→ **Work instruction**
Reproduce the listing below from the line with "一番右にある「Foreign Visitor /" to the line with "八焱居酒屋 (尖沙咀) 網上訂座享$100優惠兼賺Rice", both lines included, character for character, minus any pictures.

→ **Supplied entries**
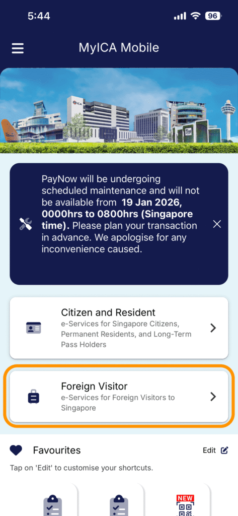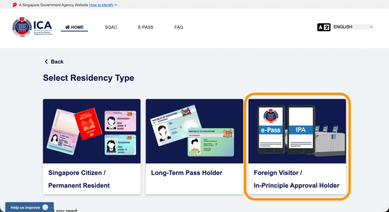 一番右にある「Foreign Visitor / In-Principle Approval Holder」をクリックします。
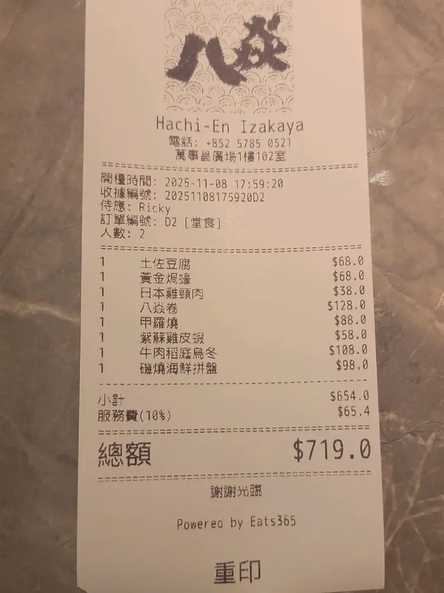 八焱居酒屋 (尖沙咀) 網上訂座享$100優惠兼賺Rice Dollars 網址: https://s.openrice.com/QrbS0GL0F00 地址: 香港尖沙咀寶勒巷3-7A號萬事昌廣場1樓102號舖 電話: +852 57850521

* * *

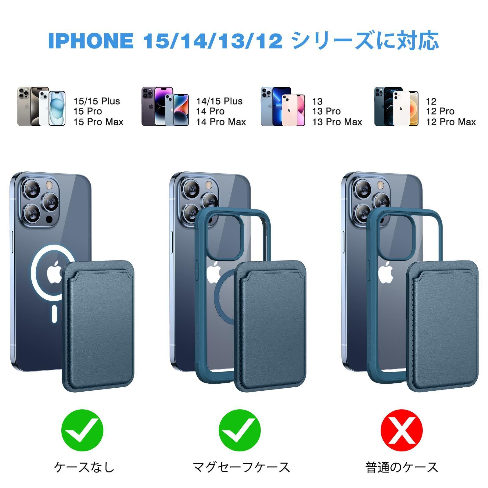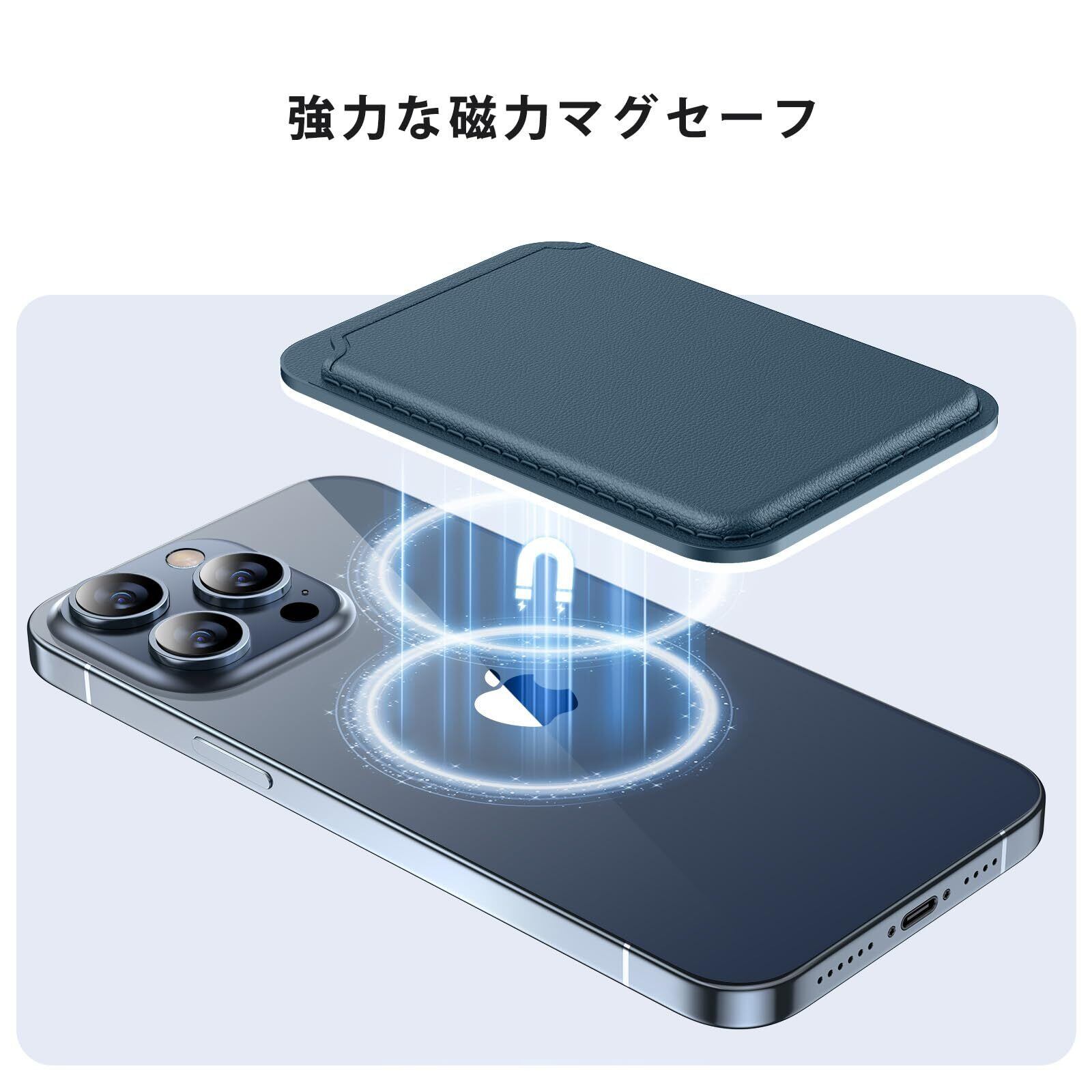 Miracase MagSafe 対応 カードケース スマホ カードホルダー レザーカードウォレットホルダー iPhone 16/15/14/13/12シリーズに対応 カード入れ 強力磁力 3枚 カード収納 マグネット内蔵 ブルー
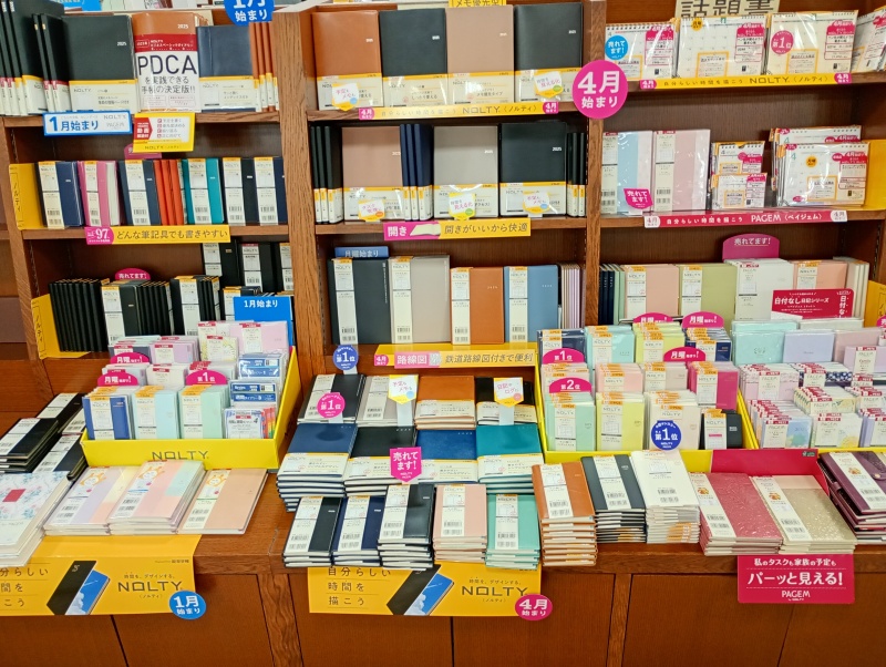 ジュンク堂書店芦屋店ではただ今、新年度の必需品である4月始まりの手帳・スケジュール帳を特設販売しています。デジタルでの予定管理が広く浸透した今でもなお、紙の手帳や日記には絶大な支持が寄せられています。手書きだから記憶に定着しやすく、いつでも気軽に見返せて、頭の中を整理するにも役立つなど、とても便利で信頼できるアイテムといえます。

→ **Result**
 一番右にある「Foreign Visitor / In-Principle Approval Holder」をクリックします。
 八焱居酒屋 (尖沙咀) 網上訂座享$100優惠兼賺Rice Dollars 網址: https://s.openrice.com/QrbS0GL0F00 地址: 香港尖沙咀寶勒巷3-7A號萬事昌廣場1樓102號舖 電話: +852 57850521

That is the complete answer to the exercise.